Светозары
Шрифт:
— Что за кучер, коня замучил! — подбадривает бабушка. — Стегни-ка кнутом, а то уснет на ходу.
Но Пеганка сама вдруг взбодрилась, громко всхрапнула, наддала ходу. Я оглянулся: бледный свет замерцал вдали, широкой полосою погнался следом за нами. Уж не машина ли догоняет, светит фарами? Но нет, зарево оборвалось, погасло, а слева поднялось снова, столбом уперлось в самое небо, на миг высветило облака и стало опадать, рассеиваться по степи.
— Светозары, — спокойно сказала бабушка. — К дождику, должно. Вишь, Илья-пророк серянки подмочил — чиркает, чиркает, а прикурить не может.

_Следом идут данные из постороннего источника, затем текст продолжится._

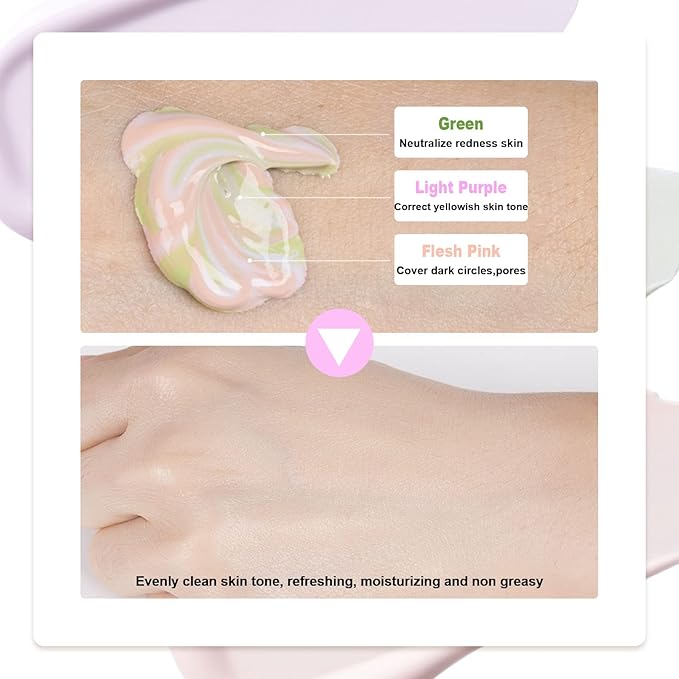 - 3 in 1 Makeup Primer: Containing 3 shades, this primer face makeup brightens dullness and evens out skin tone. Light purple can correct yellowish skin tone, green can neutralize reddish skin, flesh pink can cover dark circles and pores, etc

Я сразу успокоился. Чудная она, моя бабушка Федора! Все объясняет на свои лад, и никаких у нее нет тайн и загадок. У нее и там, на небе, все так же, как у людей
У нее, у бабушки, даже сказки свои, совсем не похожие на те, которые рассказывал покойный дед Семен. Как теперь я понимаю, дед против бабушки был неисправимым фантазером и романтиком. В бабушкиных же сказках нет никаких чудес и фантазий: ни волшебников, ни колдунов, ни разных там Змеев Горынычей, а действуют обыкновенные люди: жадные и щедрые, хитрые, злые, добрые, умные, дураки. Рядом с ними — всякая чистая и нечистая живность, которая или прекрасно уживается с людьми, или вредит им, но все происходит без ковров-самолетов и скатертей-самобранок, а так, как в обыденной жизни… Бывало, долгим зимним вечером пристанут младшие, Петька и Танька, как с ножом к горлу:
— Ба-а, расскажи сказку.
— Да отвяжитесь вы, лихоманка вас задери! Каки сказки? Белье не стирано, куделя не прядена, Петькина рубаха не чинена, картошка не чищена… Каки сказки?
— Ба-а, хоть маленькую…
— Ну, дак вот, рази што маленькую, — бабушка садится за свое заделье, ребятишки — на пол, около ее длинной юбки. — Ну, дак слухайте. Жил в старое время один мужик, а уж до того жадный и глупой был — не приведи господи! Избенка-то у его была дерном крыта, летом вырастет на крыше трава, — жалко, все ж таки сено, а как его взять — не скумекает. Вот и зачнет тащить корову на крышу, штоб она травку ту съела — кожилится, аж глаза на лоб… А то приходит как-то сосед к тому мужику, а его баба блины как раз печь начала… Испугался мужик; ну, как за стол напросится суседушко! Не так ему блины жалко, как сметану. А сметана-то в подполе — достать не успели. Вот хозяин схватит тайком блинок — да туда, в подпол. Там и съест со сметанкой и назад вылазит. Сосед ему: «Ты чо это, как блоха в штанах, прыгаешь взад-вперед? Белены наелся?» А мужик: «Не белены, а блинчиков со сметаной!» Такой уж он был, тот мужик, глупой да жадный — прямо смех и грех!..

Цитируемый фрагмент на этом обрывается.